**WHAT TO WORK ON**
From the material below, please set down exactly the lines starting with the one with "กราฟ benchmark แสดงให้เห็นว่าคะแนนของ" and going on through the one with "Boucles d'oreilles Or", without a single picture.

[[ RECORDS SUPPLIED, beginning ]]

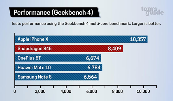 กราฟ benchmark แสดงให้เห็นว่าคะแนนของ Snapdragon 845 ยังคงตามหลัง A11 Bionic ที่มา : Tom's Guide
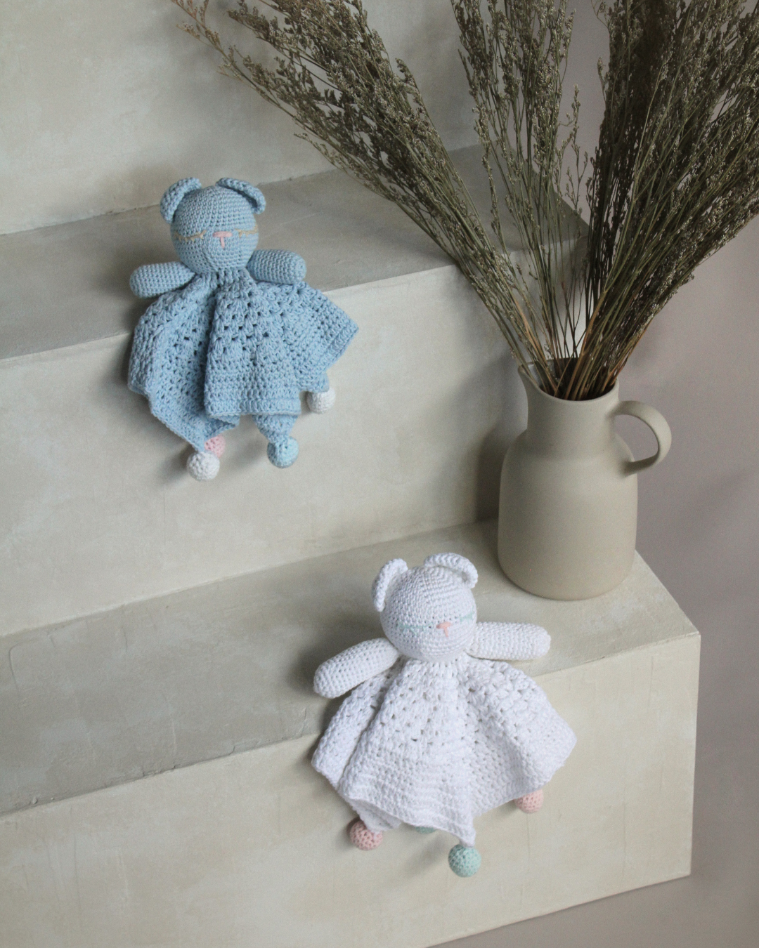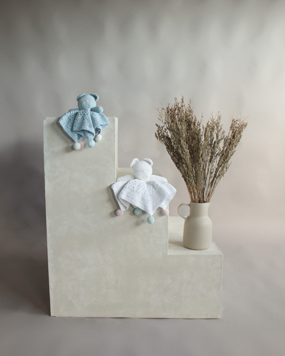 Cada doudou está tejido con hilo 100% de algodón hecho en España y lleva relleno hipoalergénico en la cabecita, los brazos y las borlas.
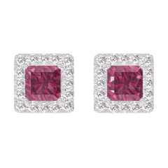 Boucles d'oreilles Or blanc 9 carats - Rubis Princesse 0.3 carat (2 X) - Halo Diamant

[[ RECORDS SUPPLIED, end ]]
[[ RECORDS SUPPLIED, beginning ]]

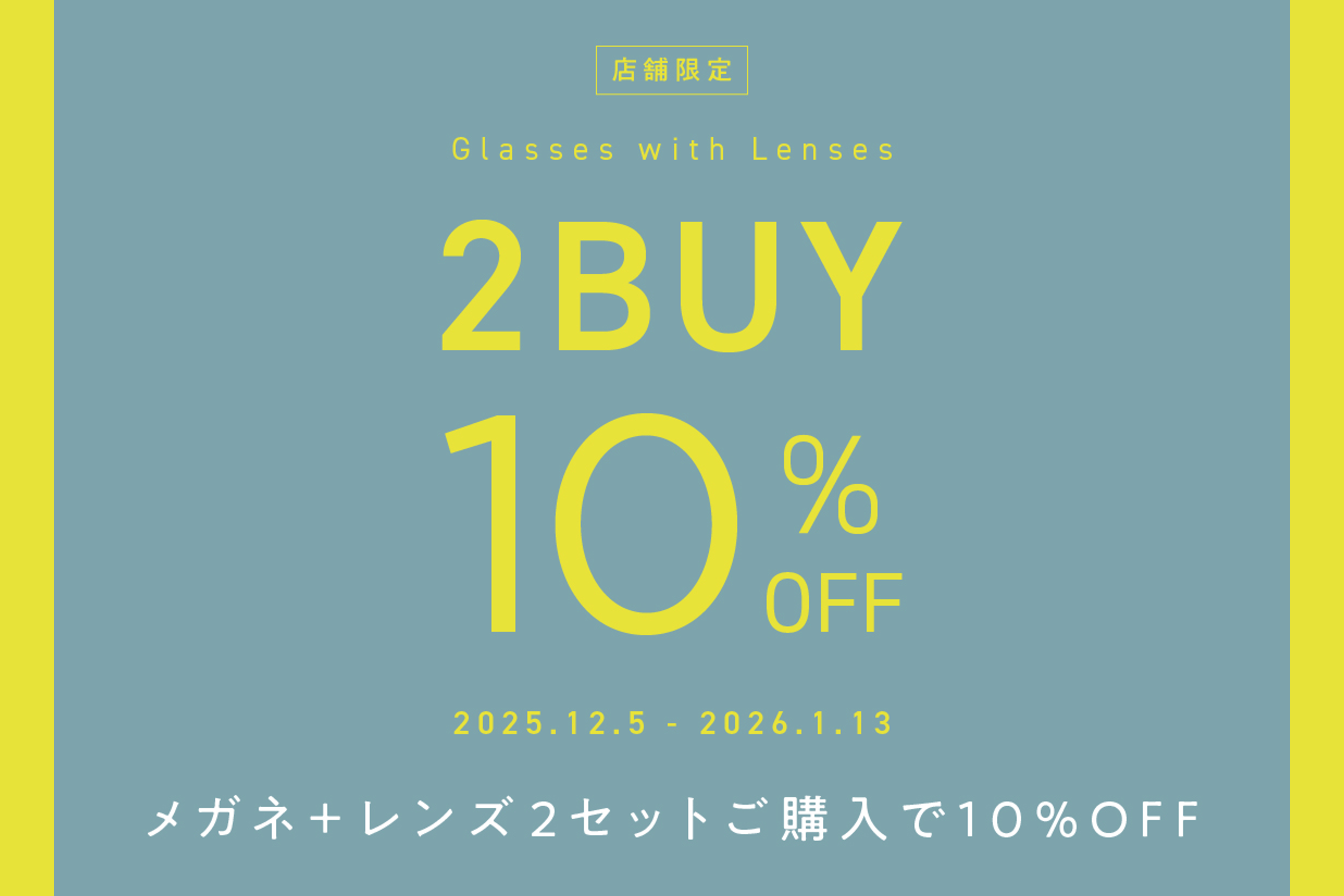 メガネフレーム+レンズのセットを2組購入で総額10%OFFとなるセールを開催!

[[ RECORDS SUPPLIED, end ]]

**TASK OUTPUT**
 กราฟ benchmark แสดงให้เห็นว่าคะแนนของ Snapdragon 845 ยังคงตามหลัง A11 Bionic ที่มา : Tom's Guide
 Cada doudou está tejido con hilo 100% de algodón hecho en España y lleva relleno hipoalergénico en la cabecita, los brazos y las borlas.
 Boucles d'oreilles Or blanc 9 carats - Rubis Princesse 0.3 carat (2 X) - Halo Diamant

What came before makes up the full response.